Task prompt:
Restate all the data word for word and omit the pictures.
-- Source material follows --
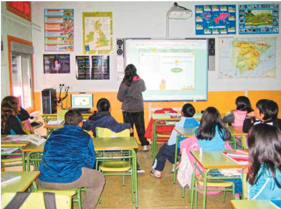
▲ Una de las clases del colegio público San Pablo, en Puente de Vallecas
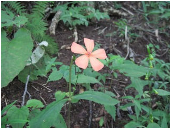
フシグロセンノウ
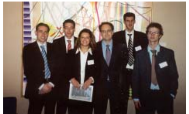
De AccountancyWeek commissie met medewerkers van Ernst & Young

De derde dag hebben we het kantoor van PricewaterhouseCoopers bezocht. Na de lunch en een korte presentatie begonnen we in groepjes van vier aan een case te werken. Het was een zeer uitgebreide case waarbij we gebruik maakten van toepassingen die accountants bij PwC in de praktijk ook gebruiken. Zoals laptops en Lotus Notes. De case ging uiteraard over een bedrijf waarmee van alles mis is. We moesten twee interviews voorbereiden en daarna onze bevindingen presenteren aan de andere deelnemers. De dag werd afgesloten met een diner in cafe de Omval. Een aantal PwC medewerkers was meegekomen zodat we goed in de gelegenheid waren om vragen te stellen.
-- Source material concluded --
Solution to this task:
▲ Una de las clases del colegio público San Pablo, en Puente de Vallecas
フシグロセンノウ
De AccountancyWeek commissie met medewerkers van Ernst & Young

De derde dag hebben we het kantoor van PricewaterhouseCoopers bezocht. Na de lunch en een korte presentatie begonnen we in groepjes van vier aan een case te werken. Het was een zeer uitgebreide case waarbij we gebruik maakten van toepassingen die accountants bij PwC in de praktijk ook gebruiken. Zoals laptops en Lotus Notes. De case ging uiteraard over een bedrijf waarmee van alles mis is. We moesten twee interviews voorbereiden en daarna onze bevindingen presenteren aan de andere deelnemers. De dag werd afgesloten met een diner in cafe de Omval. Een aantal PwC medewerkers was meegekomen zodat we goed in de gelegenheid waren om vragen te stellen.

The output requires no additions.